The Plymouth company paid $79 million to buy back its stock from its longtime engine-making partner. Investors applauded the move.
Arctic Cat Inc. said Wednesday that it has bought back all of its stock from Japanese engine maker Suzuki Motor Corp., ending a shareholder relationship that goes back more than two decades.
The $79.3 million cash deal for approximately 6.1 million shares of Class B stock pleased investors, who drove Arctic Cat's share price to its highest single-day gain since March 2009. Shares closed at $22.93, up nearly 21 percent.
Arctic Cat, based in Plymouth, designs, engineers, manufactures and markets snowmobiles and all-terrain vehicles, as well as related parts, garments and accessories.
The company's move to buy out its longtime supplier was not entirely unexpected. Arctic Cat announced in June 2010 that it would stop buying snowmobile engines from Suzuki at the end of 2013 and move the manufacturing to its plant in St. Cloud.
"As Arctic Cat tries to become a more innovative company, operationally they've been moving apart," said analyst Craig Kennison, of Robert W. Baird and Co. in Milwaukee. "Financially they're now also severing some of those ties."
Suzuki will continue to supply engine parts beyond 2013, Arctic officials said Wednesday. A Suzuki representative resigned from Arctic Cat's board, effective immediately, and was not expected to be replaced.
Suzuki has supplied engines for Arctic Cat since 1976. It became a major shareholder in June 1988, paying $12.8 million for a 33 percent stake in the company, then known as Arctco. At the time, Arctco had just rebuffed a $25 million acquisition offer from Medina-based rival Polaris.
The relationship has paid off for Suzuki, including $57 million in buybacks and dividends plus $1 billion in sales of engines and parts over the past decade. Arctic officials said this played well as it negotiated what analysts viewed as highly favorable terms of the share repurchase deal.
Arctic Cat paid Suzuki $13 per share, when the day before the buyback was announced shares had closed at $19.
Arctic Cat and Polaris are among the top four players in power sports.
Since taking over at Arctic Cat at the beginning of this year, CEO Claude Jordan has focused on building a company with a strong balance sheet that can more quickly adapt to consumer preferences, Kennison said.
The company posted strong second-quarter earnings in October and increased its guidance for the year based on better-than-expected sales of snowmobiles. It has virtually no debt and an untapped $60 million credit line.
Following the completion of the Suzuki share purchase, Arctic Cat expects to end the fiscal year with more than $60 million in cash.

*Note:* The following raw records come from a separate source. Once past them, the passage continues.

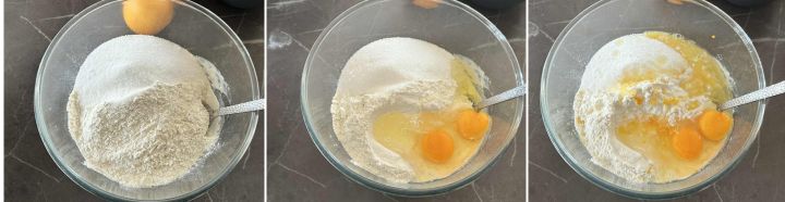 Mettete l’emulsione in una ciotola più grande e aggiungete 2 cucchiai di farina e 1 cucchiaio di zucchero presi dagli ingredienti già pesati.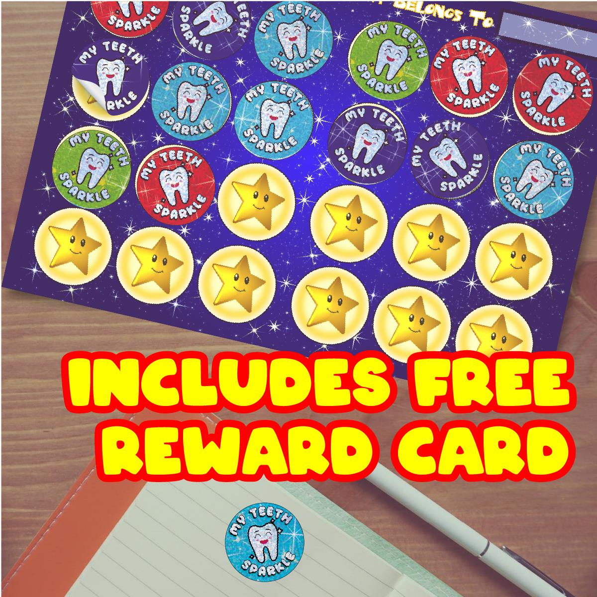 96 My Teeth Sparkle Stickers 30mm + 60 Free Sparkle Smiles Reward Stickers for Teachers, Parents and Schools
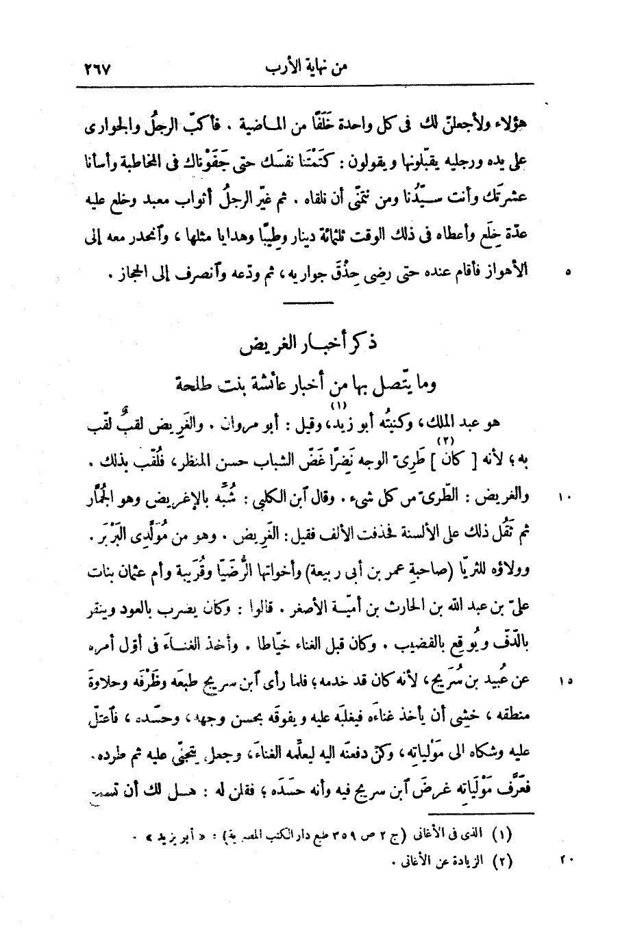 ذكر أخبار الغريض وما يتّصل بها من أخبار عائشة بنت طلحة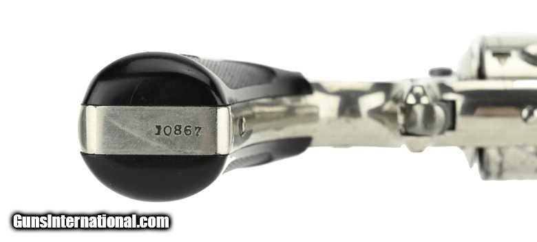 Baby Russian Smith & Wesson .38 S&W caliber. 3 ¼” Barrel length. Manufacture approximately 98% original factory nickel. The cylinder has approximately 90-93% original factory nickel with some light edge wear. This is a very nice baby Russian!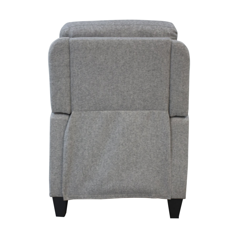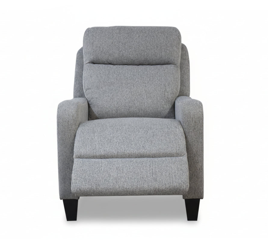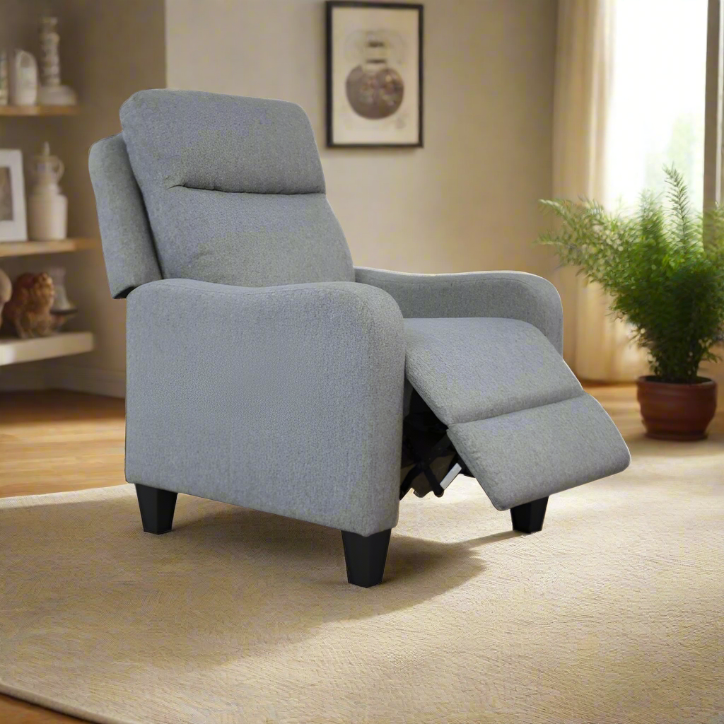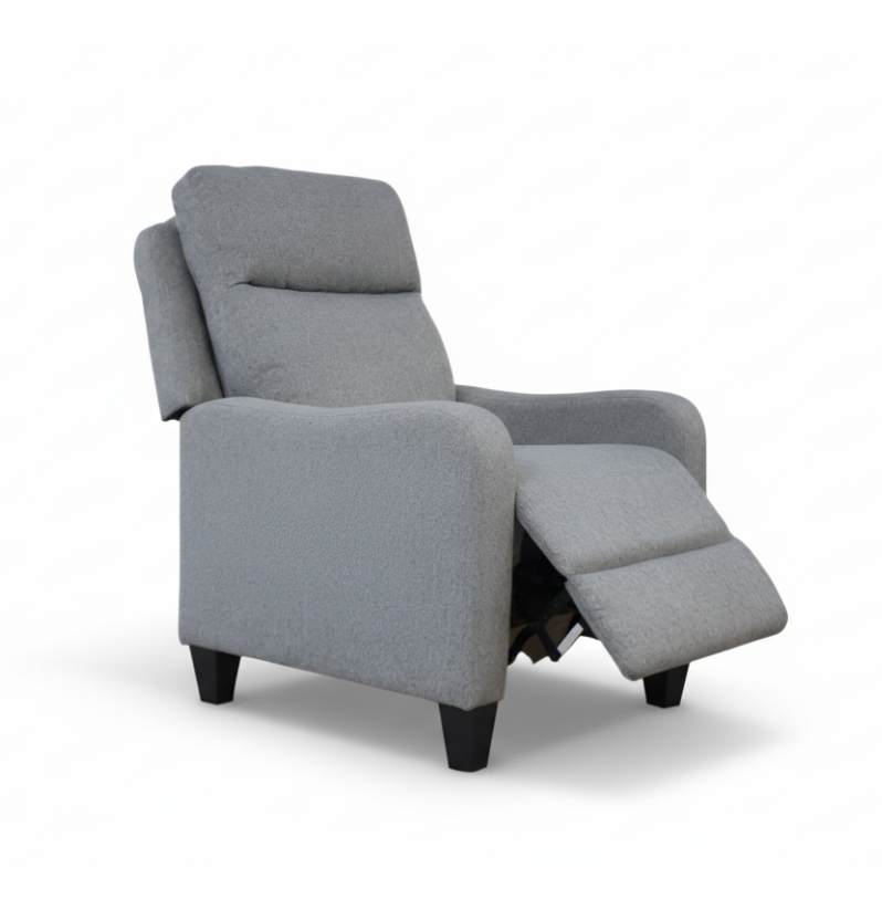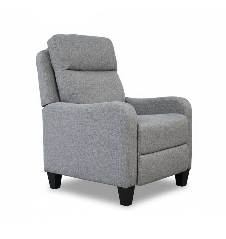 Slim fabric, push-back recliner. Max load 250lbs.

"Arctic Cat survived a very difficult environment for consumer discretionary products," Kennison said. "They've been building a balance sheet to handle this for some time."
Bringing the engine manufacturing work back to Minnesota won't affect profit margins much, but building closer to home is a key part of Arctic Cat's strategy, Jordan reiterated in a morning call to investors.
"The biggest advantage ... is the fact that we'll be able to control our own destiny," Jordan said. "If there are specific snowmobile engines, certain directions we want to go, this gives us flexibility to produce and manufacture those engines in-house and allows us to go into new spaces."